如果方便的话,能否麻烦您提供一个极小的训练数据集,我用来验证是环境问题还是训练数据出了差错?

yangxue0827 commented 6 years ago

你可以使用voc2007的数据集。

hinkeret commented 6 years ago

你好,我找到这个错误的原因了,是因为在使用tf.decode_raw解析照片的时候格式需要和在写照片时保持一致,我将tf.float32改成tf.uint8代码就可以正常运行了

frothmoon commented 6 years ago

May I ask which file you modified? @hinkeret

hinkeret commented 6 years ago

The file is read_tfrecord.py, you can modify “img = tf.decode_raw(features['img'],tf.float32)”,change tf.float32 into tf.uint8. @frothmoon

frothmoon commented 6 years ago

抱歉,刚刚没有看清楚,我下载的read_tfrecord.py文件中原来的代码就是img = tf.decode_raw(features['img'],tf.uint8),我的代码还是没有正常运行,还是报错PaddingFIFOQueue,请问有解决办法吗? 非常感谢! @hinkeret

hinkeret commented 6 years ago

上面作者说的那些问题你都检查过吗?你的环境是Windows还是Linux @frothmoon

frothmoon commented 6 years ago

检查过了,是linux 请问正常运行时的输出是下面这样的吗

2018-08-31 16:30:08.592256: I tensorflow/core/common_runtime/gpu/pool_allocator.cc:247] PoolAllocator: After 2651 get requests, put_count=2134 evicted_count=1000 eviction_rate=0.468604 and unsatisfied allocation rate=0.609959
2018-08-31 16:30:08.592313: I tensorflow/core/common_runtime/gpu/pool_allocator.cc:259] Raising pool_size_limit_ from 100 to 110
2018-08-31 16:30:04: step1 image_name:b'Cow_600.jpg' |
rpn_loc_loss:1.1323292255401611 | rpn_cla_loss:1.5864677429199219 | rpn_total_loss:2.718796968460083 |
fast_rcnn_loc_loss:0.14092016220092773 | fast_rcnn_cla_loss:0.5938623547554016 | fast_rcnn_total_loss:0.7347825169563293 |
total_loss:4.092337608337402 | pre_cost_time:4.808664560317993s

@hinkeret

hinkeret commented 6 years ago

是的 @frothmoon

frothmoon commented 6 years ago

好奇怪啊,我这里都已经跑了几张图片后报的错

Traceback (most recent call last):
  File "train.py", line 229, in <module>
    train()
  File "train.py", line 196, in train
    fast_rcnn_total_loss, total_loss, train_op])
  File "/home/dongpeijie/miniconda3/envs/tensorflow/lib/python3.5/site-packages/tensorflow/python/client/session.py", line 789, in run
    run_metadata_ptr)
  File "/home/dongpeijie/miniconda3/envs/tensorflow/lib/python3.5/site-packages/tensorflow/python/client/session.py", line 997, in _run
    feed_dict_string, options, run_metadata)
  File "/home/dongpeijie/miniconda3/envs/tensorflow/lib/python3.5/site-packages/tensorflow/python/client/session.py", line 1132, in _do_run
    target_list, options, run_metadata)
  File "/home/dongpeijie/miniconda3/envs/tensorflow/lib/python3.5/site-packages/tensorflow/python/client/session.py", line 1152, in _do_call
    raise type(e)(node_def, op, message)
tensorflow.python.framework.errors_impl.OutOfRangeError: PaddingFIFOQueue '_2_get_batch/batch/padding_fifo_queue' is closed and has insufficient elements (requested 1, current size 0)
         [[Node: get_batch/batch = QueueDequeueManyV2[component_types=[DT_STRING, DT_FLOAT, DT_INT32, DT_INT32], timeout_ms=-1, _device="/job:localhost/replica:0/task:0/cpu:0"](get_batch/batch/padding_fifo_queue, get_batch/batch/n)]]

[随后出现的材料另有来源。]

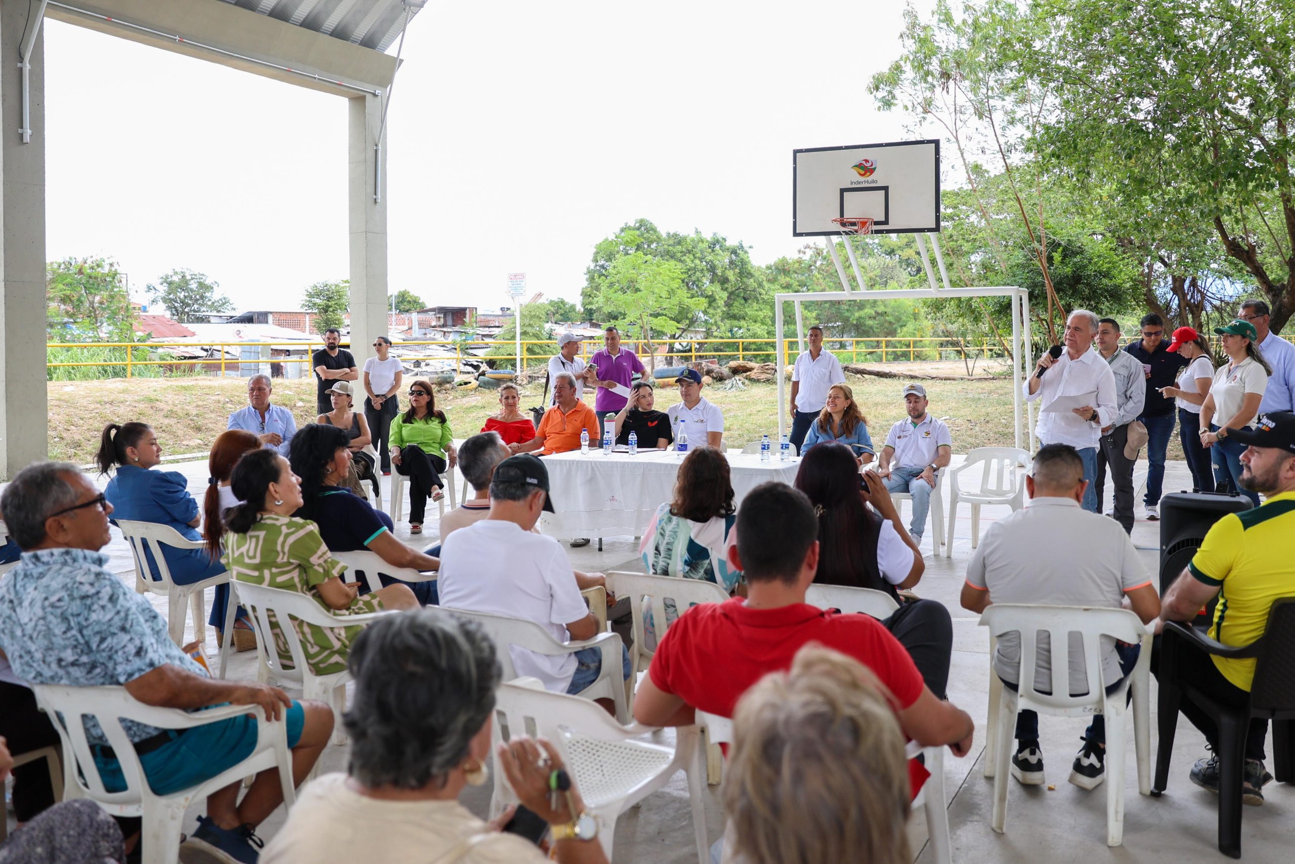 El evento contó con la presencia del gobernador del Huila, Rodrigo Villalba Mosquera, quien expresó su satisfacción por la culminación de este importante proyecto de infraestructura deportiva, agradeciendo a todos los actores que hicieron posible su ejecución: desde el exgobernador Luis Enrique Dussán, el alcalde de Neiva Germán Casagua, hasta los presidentes de juntas de acción comunal, concejales, diputados, contratistas y líderes comunitarios.
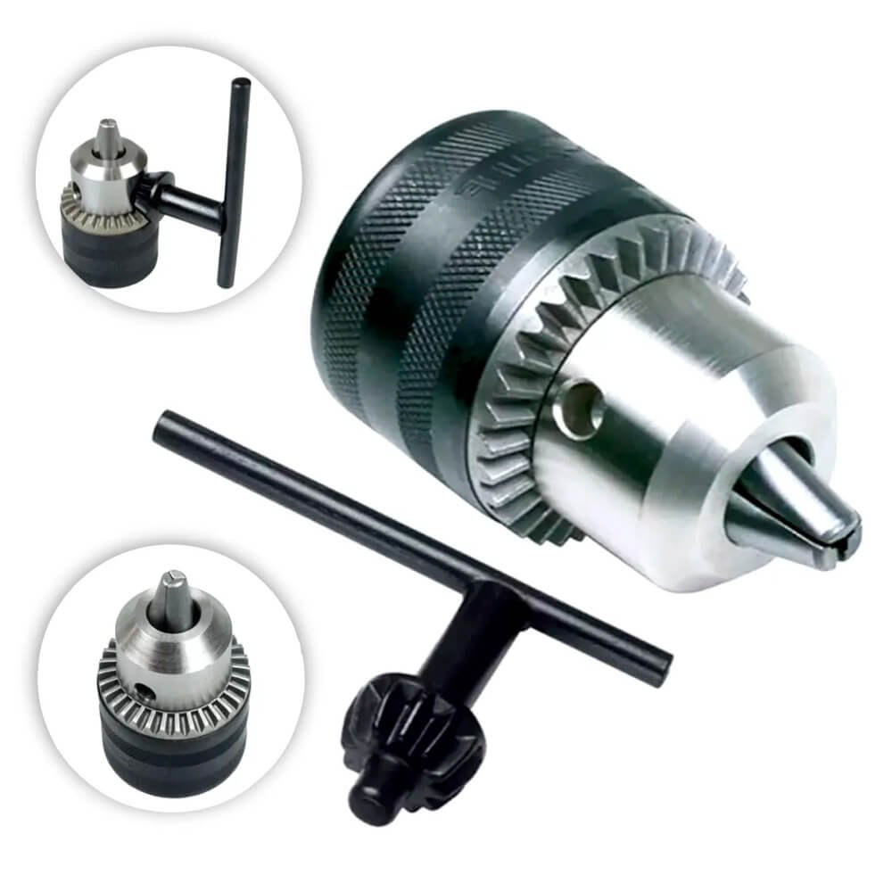 Utilizado na fixação de brocas, acoplado a furadeiras manuais e máquinas operatrizes em geral para execução de operações de furação. Ideal para aço, alumínio, madeira com brocas de haste cilíndrica.

Caused by op 'get_batch/batch', defined at:
  File "train.py", line 229, in <module>
    train()
  File "train.py", line 34, in train
    is_training=True)
  File "../data/io/read_tfrecord.py", line 89, in next_batch
    dynamic_pad=True)
  File "/home/dongpeijie/miniconda3/envs/tensorflow/lib/python3.5/site-packages/tensorflow/python/training/input.py", line 919, in batch
    name=name)
  File "/home/dongpeijie/miniconda3/envs/tensorflow/lib/python3.5/site-packages/tensorflow/python/training/input.py", line 716, in _batch
    dequeued = queue.dequeue_many(batch_size, name=name)
  File "/home/dongpeijie/miniconda3/envs/tensorflow/lib/python3.5/site-packages/tensorflow/python/ops/data_flow_ops.py", line 457, in dequeue_many
    self._queue_ref, n=n, component_types=self._dtypes, name=name)
  File "/home/dongpeijie/miniconda3/envs/tensorflow/lib/python3.5/site-packages/tensorflow/python/ops/gen_data_flow_ops.py", line 946, in _queue_dequeue_many_v2
    timeout_ms=timeout_ms, name=name)
  File "/home/dongpeijie/miniconda3/envs/tensorflow/lib/python3.5/site-packages/tensorflow/python/framework/op_def_library.py", line 767, in apply_op
    op_def=op_def)
  File "/home/dongpeijie/miniconda3/envs/tensorflow/lib/python3.5/site-packages/tensorflow/python/framework/ops.py", line 2506, in create_op
    original_op=self._default_original_op, op_def=op_def)
  File "/home/dongpeijie/miniconda3/envs/tensorflow/lib/python3.5/site-packages/tensorflow/python/framework/ops.py", line 1269, in __init__
    self._traceback = _extract_stack()

OutOfRangeError (see above for traceback): PaddingFIFOQueue '_2_get_batch/batch/padding_fifo_queue' is closed and has insufficient elements (requested 1, current size 0)
         [[Node: get_batch/batch = QueueDequeueManyV2[component_types=[DT_STRING, DT_FLOAT, DT_INT32, DT_INT32], timeout_ms=-1, _device="/job:localhost/replica:0/task:0/cpu:0"](get_batch/batch/padding_fifo_queue, get_batch/batch/n)]]

@hinkeret

hinkeret commented 6 years ago

那应该是你的数据有问题 你需要查一查照片 @frothmoon

yangxue0827 commented 5 years ago

Recommend improved code: https://github.com/DetectionTeamUCAS/FPN_Tensorflow. @hinkeret @zhangxiaopang88 @frothmoon

linden1994 commented 5 years ago

好奇怪啊,我这里都已经跑了几张图片后报的错

Traceback (most recent call last):
  File "train.py", line 229, in <module>
    train()
  File "train.py", line 196, in train
    fast_rcnn_total_loss, total_loss, train_op])
  File "/home/dongpeijie/miniconda3/envs/tensorflow/lib/python3.5/site-packages/tensorflow/python/client/session.py", line 789, in run
    run_metadata_ptr)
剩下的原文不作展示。